Categories
Cosmos Spirit Thought

What Difference Does God Make?

My friend Ryan Bell, as part of his “Year Without God” project, recently wrote about the question “What Difference Does God Make?”  His answer was that God makes no difference to his daily life.

There may have been some confusion in how Ryan framed the question.  If there is a God, then God makes all the difference in the universe, because there would be no universe without God.  This is simply a function of the definitions of what theologians mean by the terms “God” and “universe” (or, more accurately, “creation”).  If there is no God, then of course “God” makes no difference at all, and indeed the question of what “difference God makes” is nonsensical, a non-question.  In other words, the question “what difference does God make” begs the question whether there is a God.

I think what Ryan meant is “what difference does believing in God make?”  Even this is a question fraught with definitional problems.  For example, what does “difference” mean?  Given that most human beings through most of history have had some sort of belief in God or the gods, and given that even evolutionary sociobiologists seek to explain such belief  with the language of adaptation, it seems beyond dispute that belief in God / the gods makes a substantial “difference.”  Certainly folks like Richard Dawkins like to argue that belief in God makes a pernicious difference by increasing divisions and violence among humans.

Here I think Ryan meant what positive difference does believing in God make?  This seems evident in his focus on “hope.”  At least some people report that their belief in God gives them “hope.”  Ryan feels he can experience hope without belief in God.  In fact, Ryan feels that at least some of the sorts of beliefs about God he received from his church experience were less hope-filled than how he feels “without” God.

I can’t blame him for that conclusion.  The vision of the “Left Behind” theology so popular in American church culture is hopeless and nihilistic.  The spirituality of pop materialism is far more attractive:  we are on this Earth for a blip in evolutionary time, but we have the capacity to feel and experience life at least for a moment, and so we can find that moment let go of worries about the future.  Don’t think so much; feel, and let go.  That is the message of almost every contemporary pop song, romantic comedy, family-oriented animated film, home furnishing commercial, and so-on.   It is a compelling message, because entails substantial truth, even though it is incomplete (see, e.g., the Book of Ecclesiastes).

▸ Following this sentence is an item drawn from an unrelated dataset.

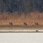 Kleinfische zwischen den Lücken im ersten Eis dieses Winters. Ein ungewöhnliches Stelzenpärchen jagte Insekten am Ufersaum des Sees. Die Gebirgsstelze erbeutete wiederholt im Sprung an Stängeln sitzende Fliegen. Rothirschkühe, begleitet von einem Kapitalen Hirsch, ästen entspannt das frische Grün am Seeufer in der Bucht. Ein junger Habicht sorgte für Aufregung und einer kleinen Schwarm gründelnder Stockenten flüchtete vor dem, allerdings erfolglosen Jäger. Auch mich trieb Kälte, welche langsam durch die Kleidung drang, zum Aufbruch.
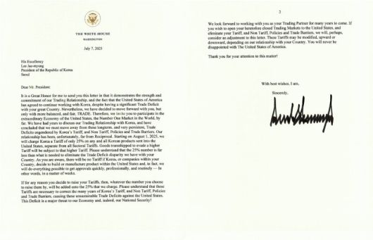 2쪽짜리 이 서한에는 오는 8월 1일부터 양국 수출품에 일괄 25%의 관세를 부과하겠다는 내용이 담겼다. 미국 내 생산을 유도하면 면제해주되 보복 관세를 시행할 경우 관세를 더 높이겠다는 경고도 포함됐다.

IMG SRC = http://en.wikipedia.org/wiki/File:Moche_decapitator.jpg
The Decapitator

But this raises another set of questions:  Who said belief in God is supposed to make an emotionally positive difference to the believer?  Why should a value judgment like positive matter to us?  And what, exactly, do we mean by “belief” in God?  There have been cultures in which belief in the gods produced fear rather than hope.  I can’t imagine that the Moche people, for example, thought of the Decapitator primarily in terms of the category of “hope.”

At this point I think Ryan’s Christian background is already in play.  Christians take “belief” in God to mean “trust.”  Christians want to “trust” God because we believe He is perfectly good and loves us absolutely, demonstrated in the fact that He created us, gave us life, and gave Himself for us on the cross.  We expect that this kind of “belief” will, at least over the long haul, at least in the hard fissures of life, and at least at the end, make all the difference to how we feel and how we live.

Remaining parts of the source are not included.